**What this task involves:** Without copying any picture, transcribe exactly the lines of the data below from the one containing "洗面スペース→脱衣スペース→浴室と一直線に配置された間取り。" through the one containing "Add this unique".

**Source data:**
Start of Block
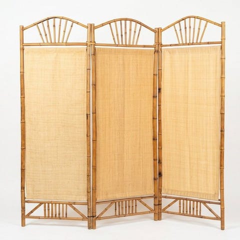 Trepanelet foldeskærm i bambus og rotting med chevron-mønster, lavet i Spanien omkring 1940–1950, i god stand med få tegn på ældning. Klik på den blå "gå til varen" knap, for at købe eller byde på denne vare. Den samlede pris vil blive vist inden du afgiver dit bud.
End of Block
Start of Block
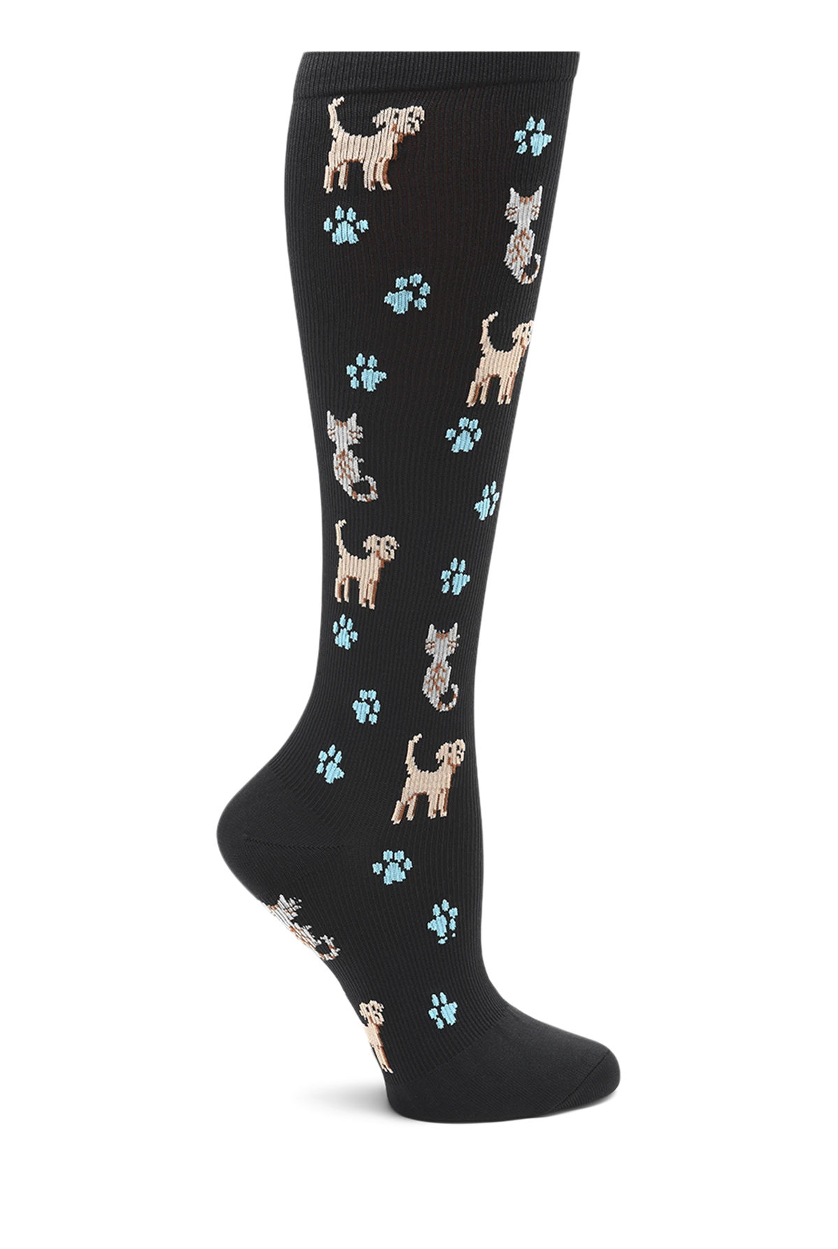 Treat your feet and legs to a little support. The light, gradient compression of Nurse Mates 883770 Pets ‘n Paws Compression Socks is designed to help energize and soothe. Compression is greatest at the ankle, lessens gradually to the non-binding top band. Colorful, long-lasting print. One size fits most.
End of Block
Start of Block
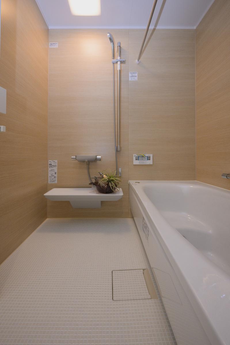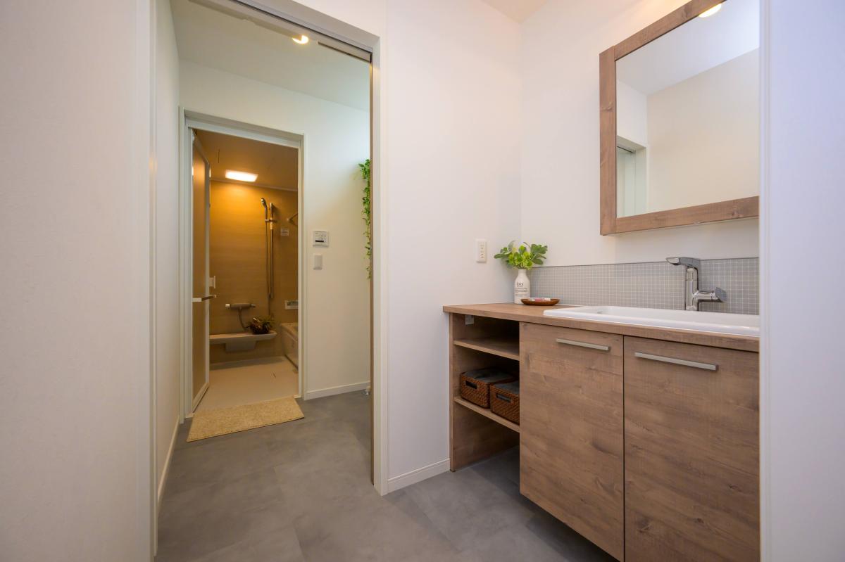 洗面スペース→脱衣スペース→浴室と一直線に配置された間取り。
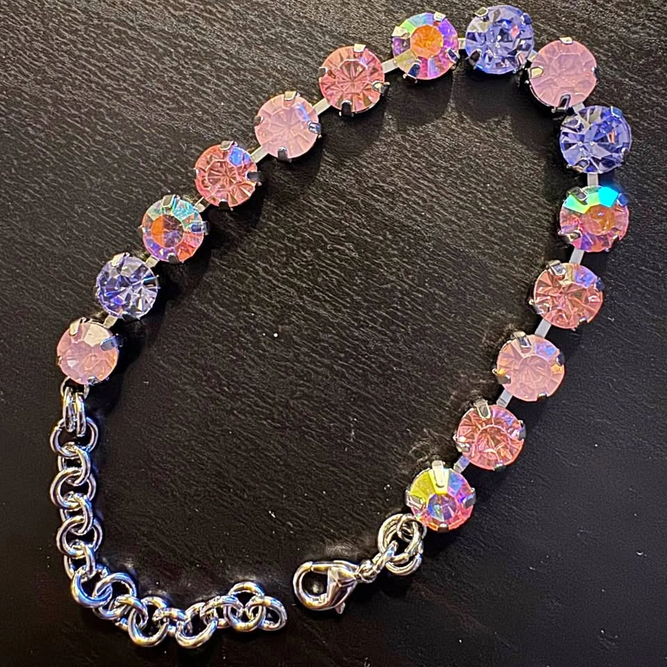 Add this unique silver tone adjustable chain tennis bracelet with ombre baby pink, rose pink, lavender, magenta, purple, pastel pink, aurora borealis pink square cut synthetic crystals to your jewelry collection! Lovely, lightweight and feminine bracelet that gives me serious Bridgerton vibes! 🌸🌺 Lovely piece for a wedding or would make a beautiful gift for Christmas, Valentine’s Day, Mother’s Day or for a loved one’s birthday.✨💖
End of Block
**Solution for this problem:**
 洗面スペース→脱衣スペース→浴室と一直線に配置された間取り。
 Add this unique silver tone adjustable chain tennis bracelet with ombre baby pink, rose pink, lavender, magenta, purple, pastel pink, aurora borealis pink square cut synthetic crystals to your jewelry collection! Lovely, lightweight and feminine bracelet that gives me serious Bridgerton vibes! 🌸🌺 Lovely piece for a wedding or would make a beautiful gift for Christmas, Valentine’s Day, Mother’s Day or for a loved one’s birthday.✨💖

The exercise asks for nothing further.